We recognize revenue upon the completion of our performance obligation, provided that: (1) evidence of an arrangement exists; (2) the arrangement fee is fixed and determinable; and (3) collection is reasonably assured.

In certain cases, we record revenue based on available and reported preliminary information from third parties. Collection on the related receivables may vary from reported information based upon third party refinement of the estimated and reported amounts owing that occurs subsequent to period ends.

Performance-Based Advertising Services

In providing call advertising services and pay-per-click advertising, we generate revenue upon our delivery of qualified and reported phone calls or click-throughs to our advertisers or advertising service providers’ listings. These advertisers and advertising service providers pay us a designated transaction fee for each phone call or click-through, which occurs when a user makes a phone call or clicks on any of their advertisement listings after it has been placed by us or by our distribution partners. Each phone call or click-through on an advertisement listing represents a completed transaction. The advertisement listings are displayed within our distribution network, which includes mobile and online search engines and applications, directories, destination sites, shopping engines, third-party Internet domains or web sites, our portfolio of owned web sites, other targeted Web-based content and offline sources. We also generate revenue from cost-per-action services, which occurs when the online user is redirected from one of our web sites or a third-party web site in our distribution network to an advertiser web site and completes the specified action.
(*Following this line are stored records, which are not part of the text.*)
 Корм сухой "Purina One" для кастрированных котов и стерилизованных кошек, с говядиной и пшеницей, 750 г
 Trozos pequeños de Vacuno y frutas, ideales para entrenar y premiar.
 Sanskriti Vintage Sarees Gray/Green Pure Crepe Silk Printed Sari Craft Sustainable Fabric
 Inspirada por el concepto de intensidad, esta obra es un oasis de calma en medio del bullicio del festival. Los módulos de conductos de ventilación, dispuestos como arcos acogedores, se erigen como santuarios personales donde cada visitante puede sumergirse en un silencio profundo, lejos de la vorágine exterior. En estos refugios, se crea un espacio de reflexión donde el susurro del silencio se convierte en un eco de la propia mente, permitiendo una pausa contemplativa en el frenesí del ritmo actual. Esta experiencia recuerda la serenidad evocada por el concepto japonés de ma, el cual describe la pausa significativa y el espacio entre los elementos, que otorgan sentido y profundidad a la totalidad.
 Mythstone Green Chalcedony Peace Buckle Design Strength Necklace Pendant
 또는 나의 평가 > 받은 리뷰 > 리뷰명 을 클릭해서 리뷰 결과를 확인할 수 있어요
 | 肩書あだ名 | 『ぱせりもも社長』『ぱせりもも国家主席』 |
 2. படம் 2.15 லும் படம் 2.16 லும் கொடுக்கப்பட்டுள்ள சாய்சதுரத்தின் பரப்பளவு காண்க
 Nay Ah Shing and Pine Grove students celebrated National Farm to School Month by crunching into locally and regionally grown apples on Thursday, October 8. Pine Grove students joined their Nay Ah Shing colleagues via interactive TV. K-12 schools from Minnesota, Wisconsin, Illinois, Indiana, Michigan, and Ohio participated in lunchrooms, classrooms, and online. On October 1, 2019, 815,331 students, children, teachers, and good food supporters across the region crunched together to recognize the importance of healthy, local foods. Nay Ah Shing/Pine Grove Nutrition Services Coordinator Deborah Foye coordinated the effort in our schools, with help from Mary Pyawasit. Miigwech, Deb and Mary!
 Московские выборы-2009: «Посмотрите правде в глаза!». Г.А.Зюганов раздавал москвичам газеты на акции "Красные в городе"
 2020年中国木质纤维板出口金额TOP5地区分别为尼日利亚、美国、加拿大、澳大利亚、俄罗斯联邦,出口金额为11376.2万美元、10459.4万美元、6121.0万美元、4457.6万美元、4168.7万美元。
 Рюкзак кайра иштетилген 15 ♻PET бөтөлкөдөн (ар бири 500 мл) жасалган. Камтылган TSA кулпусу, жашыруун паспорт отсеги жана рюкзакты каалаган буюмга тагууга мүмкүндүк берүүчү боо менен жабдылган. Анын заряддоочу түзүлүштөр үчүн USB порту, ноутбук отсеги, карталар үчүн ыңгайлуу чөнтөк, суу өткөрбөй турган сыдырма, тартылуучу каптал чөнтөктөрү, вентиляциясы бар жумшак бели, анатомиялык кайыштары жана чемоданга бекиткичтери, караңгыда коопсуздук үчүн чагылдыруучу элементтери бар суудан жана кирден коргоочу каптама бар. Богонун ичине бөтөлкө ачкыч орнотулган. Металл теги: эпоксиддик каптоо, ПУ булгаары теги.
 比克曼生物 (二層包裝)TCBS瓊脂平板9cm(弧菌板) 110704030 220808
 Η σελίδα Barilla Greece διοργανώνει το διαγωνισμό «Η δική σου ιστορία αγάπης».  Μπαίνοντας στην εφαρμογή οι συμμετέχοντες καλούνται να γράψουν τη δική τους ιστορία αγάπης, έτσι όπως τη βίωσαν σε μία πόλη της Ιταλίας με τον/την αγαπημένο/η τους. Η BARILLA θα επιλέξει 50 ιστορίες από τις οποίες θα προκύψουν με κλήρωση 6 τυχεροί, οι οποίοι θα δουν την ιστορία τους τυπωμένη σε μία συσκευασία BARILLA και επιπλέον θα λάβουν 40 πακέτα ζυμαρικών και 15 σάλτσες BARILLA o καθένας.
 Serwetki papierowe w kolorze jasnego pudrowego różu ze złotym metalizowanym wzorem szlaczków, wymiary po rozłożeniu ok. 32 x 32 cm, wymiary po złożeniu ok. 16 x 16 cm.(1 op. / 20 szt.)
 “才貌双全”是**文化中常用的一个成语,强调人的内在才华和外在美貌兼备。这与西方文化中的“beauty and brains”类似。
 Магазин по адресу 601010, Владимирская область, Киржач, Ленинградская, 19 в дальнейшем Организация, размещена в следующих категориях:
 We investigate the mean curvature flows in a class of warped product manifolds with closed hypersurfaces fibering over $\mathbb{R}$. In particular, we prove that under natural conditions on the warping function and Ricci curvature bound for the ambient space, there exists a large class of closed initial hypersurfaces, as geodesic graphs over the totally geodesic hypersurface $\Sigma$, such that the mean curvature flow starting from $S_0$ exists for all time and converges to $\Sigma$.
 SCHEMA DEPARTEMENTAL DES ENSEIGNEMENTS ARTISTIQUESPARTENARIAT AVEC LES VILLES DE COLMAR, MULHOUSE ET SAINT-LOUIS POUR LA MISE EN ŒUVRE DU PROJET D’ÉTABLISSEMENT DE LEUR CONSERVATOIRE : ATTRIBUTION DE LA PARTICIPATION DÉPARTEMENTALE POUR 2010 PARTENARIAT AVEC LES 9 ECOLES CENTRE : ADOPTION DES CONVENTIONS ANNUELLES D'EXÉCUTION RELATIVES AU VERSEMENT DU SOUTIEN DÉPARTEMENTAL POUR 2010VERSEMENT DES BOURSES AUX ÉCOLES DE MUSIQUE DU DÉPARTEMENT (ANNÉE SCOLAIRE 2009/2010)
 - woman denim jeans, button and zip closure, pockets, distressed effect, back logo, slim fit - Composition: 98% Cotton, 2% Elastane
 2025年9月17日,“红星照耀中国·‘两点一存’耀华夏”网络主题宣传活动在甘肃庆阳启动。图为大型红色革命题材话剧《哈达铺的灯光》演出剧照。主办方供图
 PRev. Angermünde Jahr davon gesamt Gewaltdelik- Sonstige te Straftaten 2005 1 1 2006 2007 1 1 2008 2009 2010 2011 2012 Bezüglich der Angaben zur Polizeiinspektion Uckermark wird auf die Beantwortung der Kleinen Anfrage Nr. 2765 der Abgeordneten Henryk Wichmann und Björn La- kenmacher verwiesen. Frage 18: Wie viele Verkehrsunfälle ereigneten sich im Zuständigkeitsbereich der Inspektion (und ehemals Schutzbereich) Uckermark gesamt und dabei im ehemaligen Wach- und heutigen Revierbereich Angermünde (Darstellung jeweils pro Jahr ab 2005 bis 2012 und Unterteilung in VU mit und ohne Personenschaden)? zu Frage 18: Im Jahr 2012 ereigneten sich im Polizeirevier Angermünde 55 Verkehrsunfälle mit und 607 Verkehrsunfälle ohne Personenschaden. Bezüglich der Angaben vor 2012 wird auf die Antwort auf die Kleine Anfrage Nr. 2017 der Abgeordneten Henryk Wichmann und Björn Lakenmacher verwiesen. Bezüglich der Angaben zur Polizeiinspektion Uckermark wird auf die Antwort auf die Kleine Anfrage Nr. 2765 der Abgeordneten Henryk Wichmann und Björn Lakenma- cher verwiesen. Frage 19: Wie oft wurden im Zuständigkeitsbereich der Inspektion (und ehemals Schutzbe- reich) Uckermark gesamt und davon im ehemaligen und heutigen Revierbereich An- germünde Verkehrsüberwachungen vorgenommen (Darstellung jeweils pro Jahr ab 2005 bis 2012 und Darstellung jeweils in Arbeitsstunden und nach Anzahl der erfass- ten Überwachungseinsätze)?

We generate revenue from reseller partners and publishers utilizing our small business marketing products to sell call advertising and/or search marketing products. We are paid account fees and also agency fees for our products in the form of a percentage of the cost of every call or click delivered to advertisers. The reseller partners or publishers engage the advertisers and are the primary obligor, and we, in certain instances, are only financially liable to the publishers in our capacity as a collection agency for the amount collected from the advertisers. We recognize revenue for these fees under the net revenue recognition method. In limited arrangements resellers pay us a fee for fulfilling an advertiser’s campaign in our distribution network and we act as the primary obligor. We recognize revenue for these fees under the gross revenue recognition method.

In providing pay-per-click contextual targeting services, advertisers purchase keywords or keyword strings, based on an amount they choose for a targeted placement on vertically-focused web sites or specific pages of a web site that are specific to their products or services and their marketing objectives. The contextual results distributed by our services are prioritized for users by the amount the advertiser is willing to pay each time a user clicks on the merchant’s advertisement and the relevance of the merchant’s advertisement, which is dictated by historical click-through rates. Advertisers pay us when a click-through occurs on their advertisement.

Search Marketing Services

Advertisers pay us additional fees for services such as campaign management and natural search engine optimization. Advertisers generally pay us on a click-through basis, although in certain cases we receive a fixed fee for delivery of these services. In some cases we also deliver banner campaigns for select advertisers. We may also charge initial set-up, account, service or inclusion fees as part of our services.

Banner advertising revenue may be based on a fixed fee per click and is generated and recognized on click-through activity. In other cases, banner payment terms are volume-based with revenue generated and recognized when impressions are delivered.

Non-refundable account set-up fees are paid by advertisers and are recognized ratably over the longer of the term of the contract or the average expected advertiser relationship period, which generally ranges from twelve months to more than two years. Other account and service fees are recognized in the month or period the account fee or services relate to.

Other inclusion fees are generally associated with monthly or annual subscription-based services where an advertiser pays a fixed amount to be included in our index of listings or our distribution partners’ index of listings. Revenues from these subscription arrangements are recognized ratably over the service period.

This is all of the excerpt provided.